- [Data below]:
%%
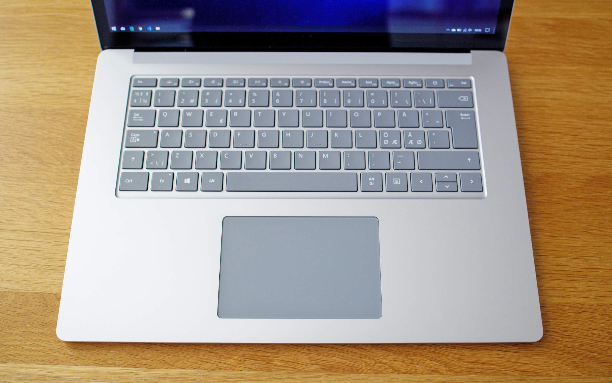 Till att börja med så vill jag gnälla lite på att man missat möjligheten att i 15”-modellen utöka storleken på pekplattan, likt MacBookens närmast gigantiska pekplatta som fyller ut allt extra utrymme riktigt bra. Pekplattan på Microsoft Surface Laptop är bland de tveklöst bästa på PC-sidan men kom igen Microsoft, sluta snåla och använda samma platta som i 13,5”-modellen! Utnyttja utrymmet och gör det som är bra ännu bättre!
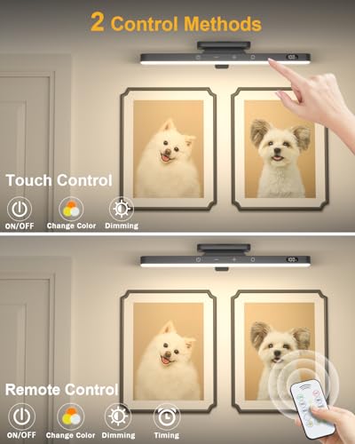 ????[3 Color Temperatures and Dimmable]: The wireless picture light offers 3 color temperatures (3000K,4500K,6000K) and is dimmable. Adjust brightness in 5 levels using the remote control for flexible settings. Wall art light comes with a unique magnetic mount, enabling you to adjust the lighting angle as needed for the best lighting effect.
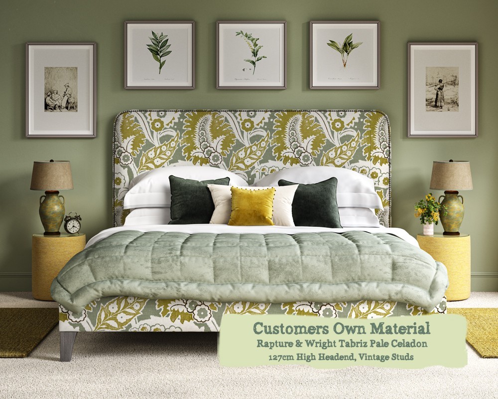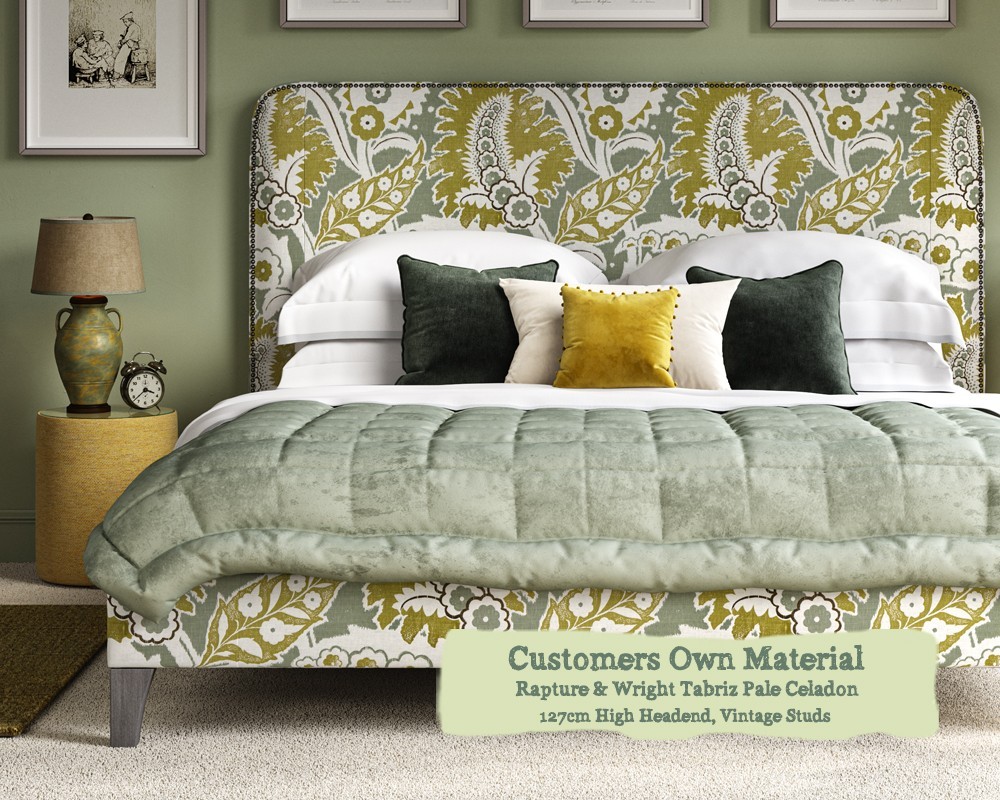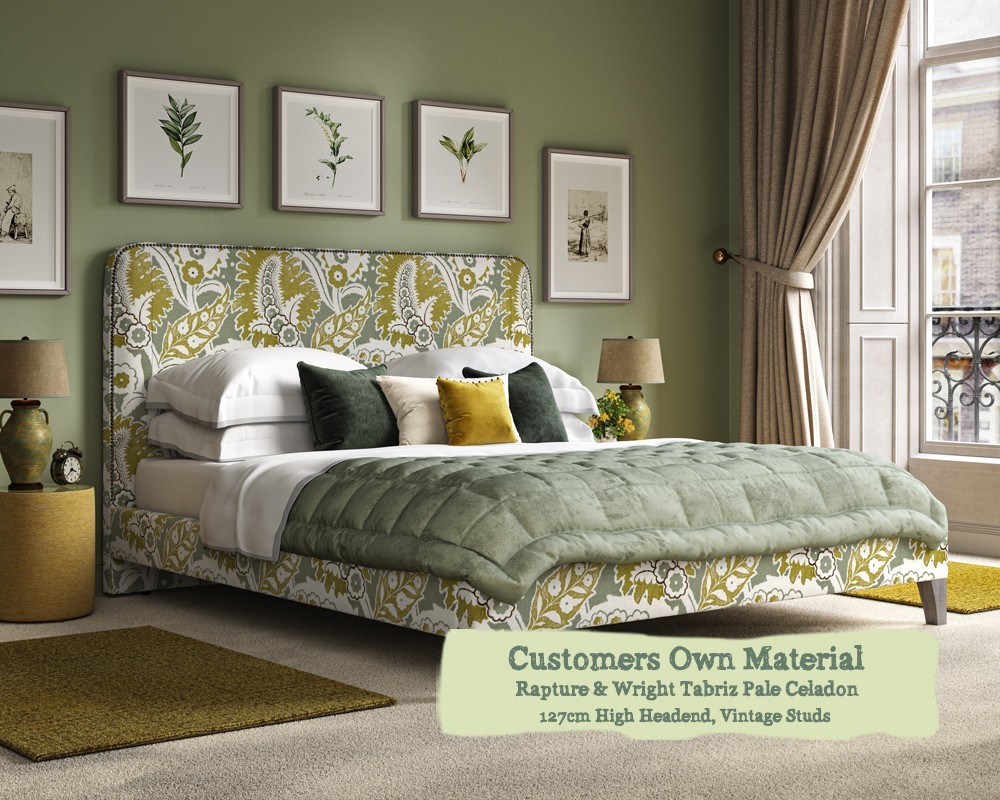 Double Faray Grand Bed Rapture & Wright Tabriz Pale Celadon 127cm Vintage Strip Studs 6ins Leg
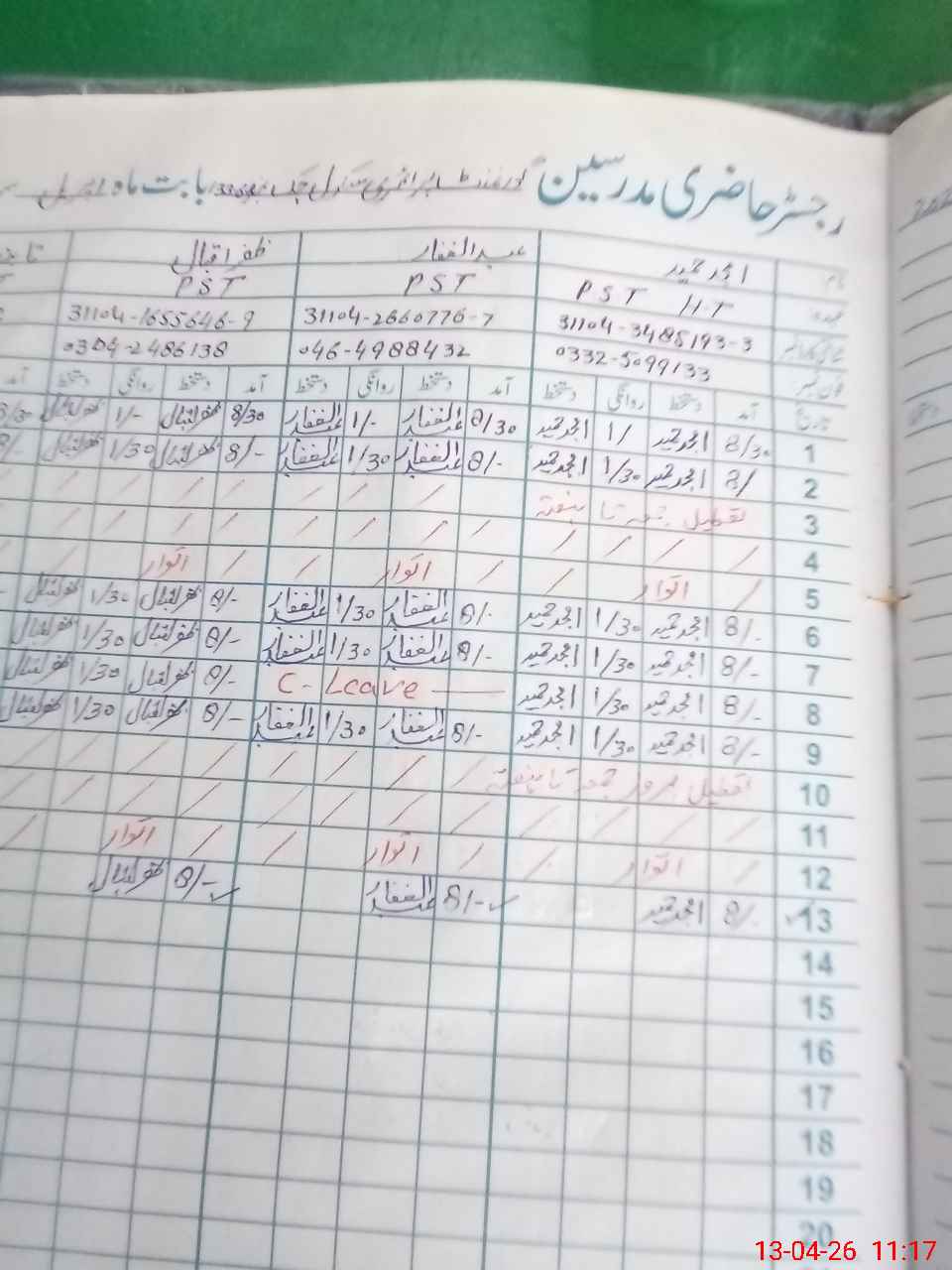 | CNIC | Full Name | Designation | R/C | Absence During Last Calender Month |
%%
Locate "best lighting effect." in the listing above, then print exactly the lines from that line through the final one, omitting all pictures.

- [Answer to this task]:
 ????[3 Color Temperatures and Dimmable]: The wireless picture light offers 3 color temperatures (3000K,4500K,6000K) and is dimmable. Adjust brightness in 5 levels using the remote control for flexible settings. Wall art light comes with a unique magnetic mount, enabling you to adjust the lighting angle as needed for the best lighting effect.
 Double Faray Grand Bed Rapture & Wright Tabriz Pale Celadon 127cm Vintage Strip Studs 6ins Leg
 | CNIC | Full Name | Designation | R/C | Absence During Last Calender Month |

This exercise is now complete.